Senator HATCH. Just a simple little request.
Mr. Taft. The request was very short.

Senator HATCH. The request was very short, but the linear feet were very long.

Mr. TaFt. The effort to locate and review specific requested documents for releasability was estimated to involve a minimum of 350,000 man-hours. Obviously, compliance with a request of this nature would have a serious adverse impact upon our ability to perform the functions for which we are responsible.

A second problem with the use of the act is that the DOD is required to expend substantial public resources in responding to requests for voluminous records from persons who are not citizens of the United States at all. There have been cases in which foreign nationals have requested and received sensitive information that although not classified, does relate to national security matters.

Foreign businesses have also used the act to obtain commercial information such as industrial designs submitted by American firms during the contract award process.

In still other cases, citizens of foreign governments have used the act to gain access to DOD documents for the purpose of opposing the plans of their own governments for cooperative security arrangements with the United States. These are documents that they could not have obtained from their own governments.

A related problem arises since the term "records” is left undefined by the act. As a result, we receive requests for information that surely were never intended to be made available to the public. One category of these requests is for computer programs, maps, and charts developed at Government expense, which are of considerable commercial value. Under prevailing interpretations of the act, the Department may be required to make such items available to a few requesters who, thereby, realize a windfall from research and other scholarly

activity funded out of tax dollars. Similarly, the DOD receives requests for personnel lists or rostors which are capable of being produced through DOD computers. These lists are utilized in connection with commercial solicitations by private firms and often result in unwarrented intrusions upon the privacy of our employees and retired personnels.

This use of military computer capability for these purposes is, in our judgment, simply incompatible with the military mission. We have also experienced problems with repeated requests for the same information from the same parties. Under the act, with each request, we must provide the requester with the entire volume of the material, not just updated information.

I would like now briefly to review some specific concerns we have had in DOD with the implementation of the act. These concerns are among those being considered by the administration in preparing legislation to amend the act. The administration, as you know, is preparing to submit legislation, but we have not yet concluded our review. We will work with the committee and these are some of the areas we are looking at.

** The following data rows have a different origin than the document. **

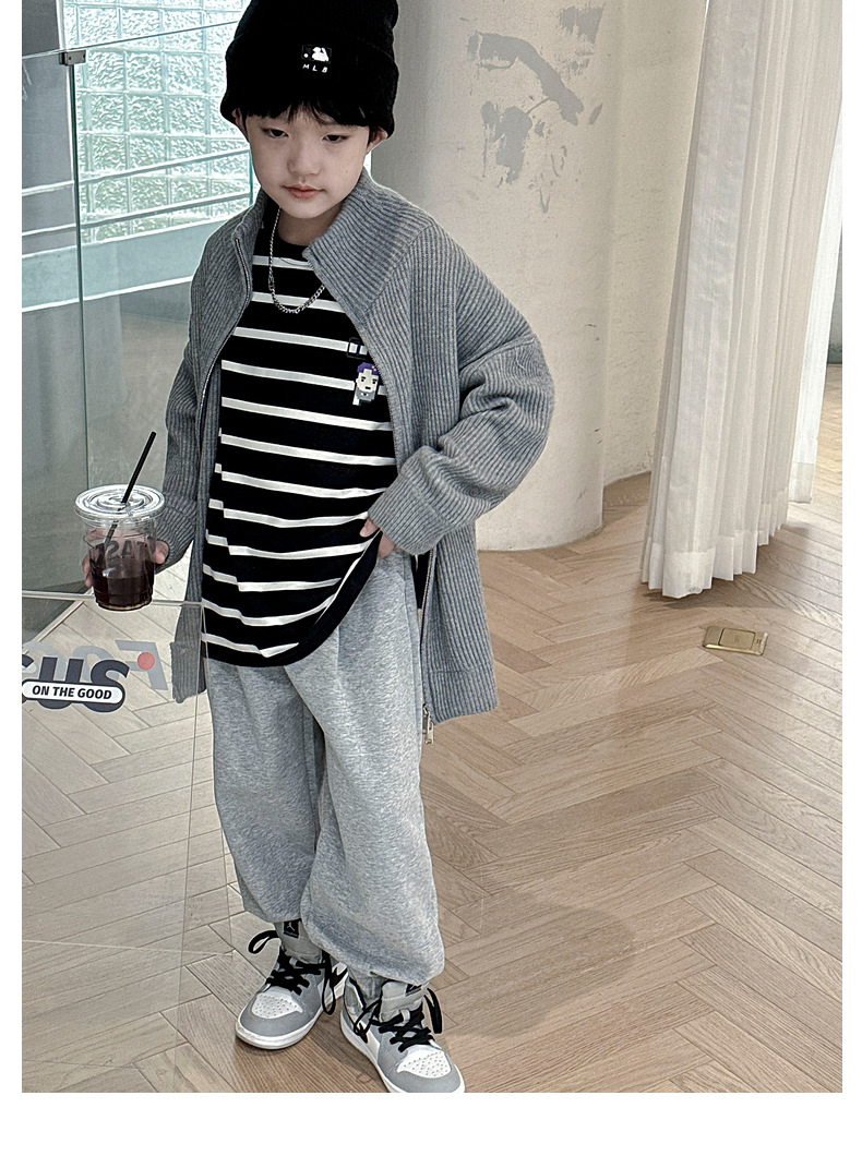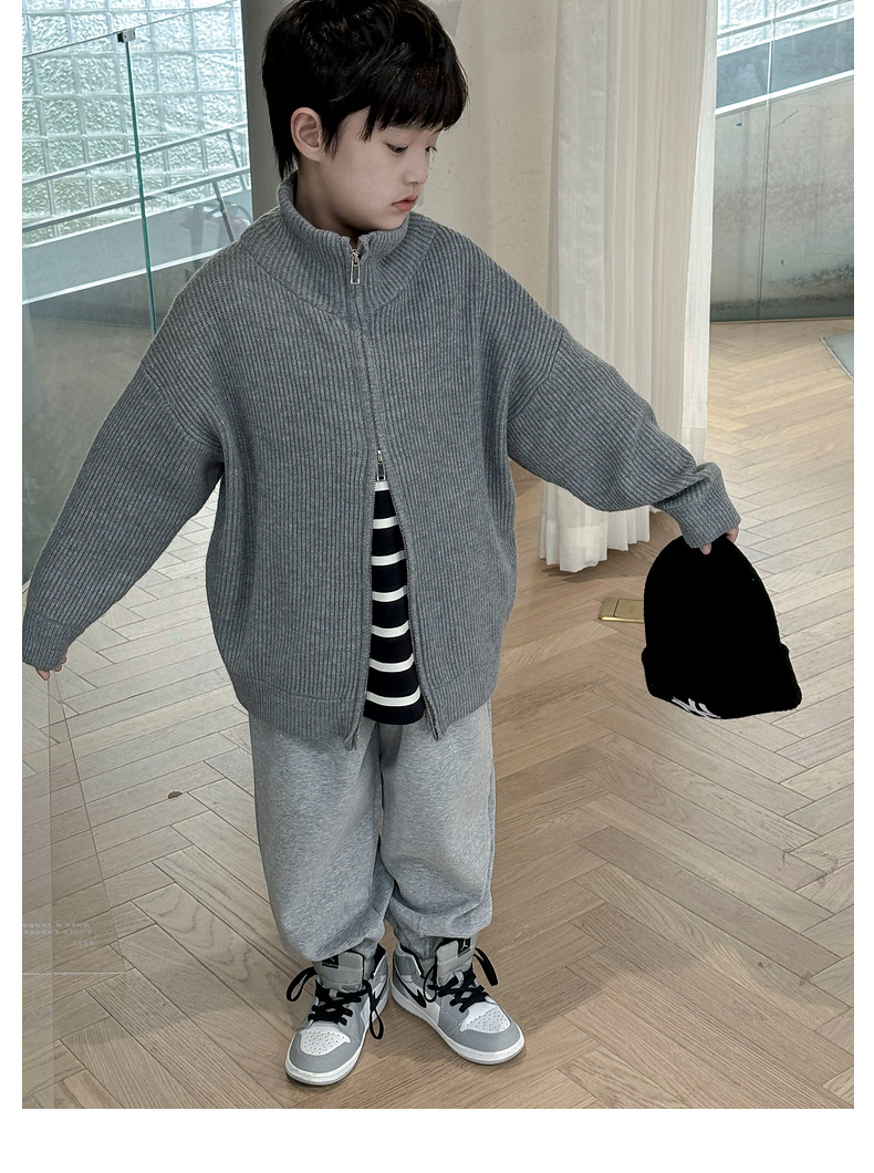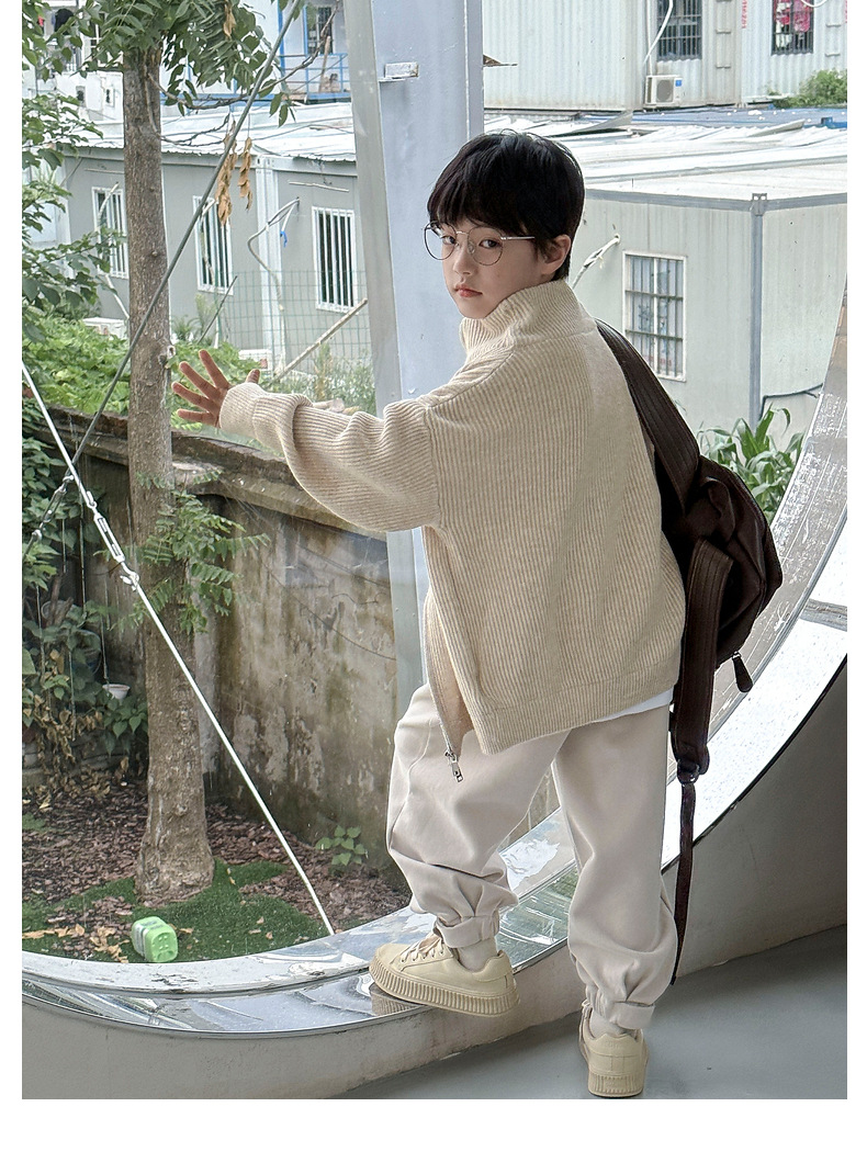 秋冬男童毛衣2023新品童装儿童大男孩纯色拉链毛衣针织开衫潮范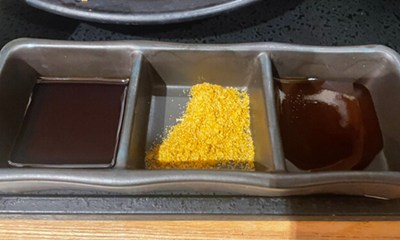 ソースはテーブルの上にあり、お好みの分量をかけていただきます。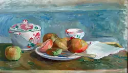 She also drew upon the color hues from her other mentor, Pierre-Auguste Renoir who brought sensuality to the style of Impressionism. Renoir would often implore the Gobillard sisters to pose for him as models and teach them on the side, painting during his encounters in the southern coast of France, notably in Brittany.[1] During this period, she also served as a model in several of close friend Edgar Degas' photographs.[5] In 1894, she held her first exhibition of her works and was subsequently exhibited with other prominent artists during that period at the Société des Indépendants. In 1900, Paule’s sister married Paul Valéry, a French poet and essayist. After this union, Paule resided with the couple in Morisot's home, where she produced some of her most well-known work.[6] She went on to further exhibit two other works at the Salon d'Automne in 1904 and then twelve works at Le Salon des Tuileries in 1926. Gobillard continued painting and lived until 1946, when she died in Paris.[3]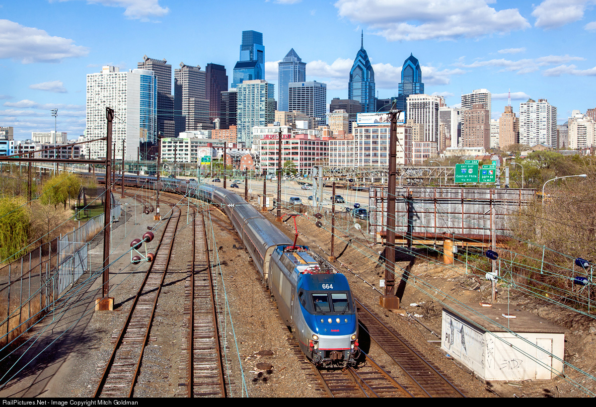 An Amtrak long distance train, led by a then in service HHP-8, departs Philadelphia, southbound for Washington DC and points south. These locomotive's original type designation was "HHL-8" for HighHorsepower Locomotive - 8,000 horsepower. Rumor has it, management changed the name to HHP-8 after it was heard some employees were substituting the "L" for "Lousy". Amtrak's HHP-8's suffered from low reliability and as a result, the fleet of 15 had been retired by Amtrak within 15 years, the last motor retired (by Amtrak) on November 7, 2014.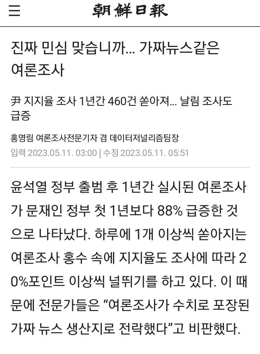 아무리 조사 회사가 다르다지만 같은 질문에 대해 비율이 20%p 이상 차이나는 것에 대해 무슨 생각이 드냐?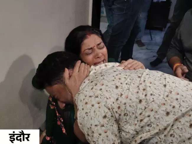 इंदौर में राजा रघुवंशी की मां से मुलाकात करता सोनम का भाई गोविंद।

ADVERSE IMPACT ON AGENCY DECISIONMAKING Perhaps no more onerous provision of the act exists for us than the administration of the B(5) exemption which covers those records which are “interagency or intraagency memorandums or letters which would not be available by law to a party other than agency in litigation with the agency.

The necessity of determining whether the interagency memorandum or letter would be available to another party in the discovery proceeding has been interpreted by the courts to require the agency to review on a line-by-line basis staff papers and other advisory records.

This line-by-line analysis is necessary in order to make available to the requester factual information that is severable from privileged advisory portions of the record and not otherwise exempt from disclosure. Since such factual information would be available in a litigation proceeding it is required to be released under the act.

This application of the so-called “reasonable segregation” requirement obliges the agency to engage in the frequently difficult task of distinguishing between facts and evaluations and of determining whether the selection of facts in an advisory memorandum is not itself the product of an evaluative determination which requires protection from public disclosure if the decisionmaker is to receive the type of candid advice essential to the sound management of the agency.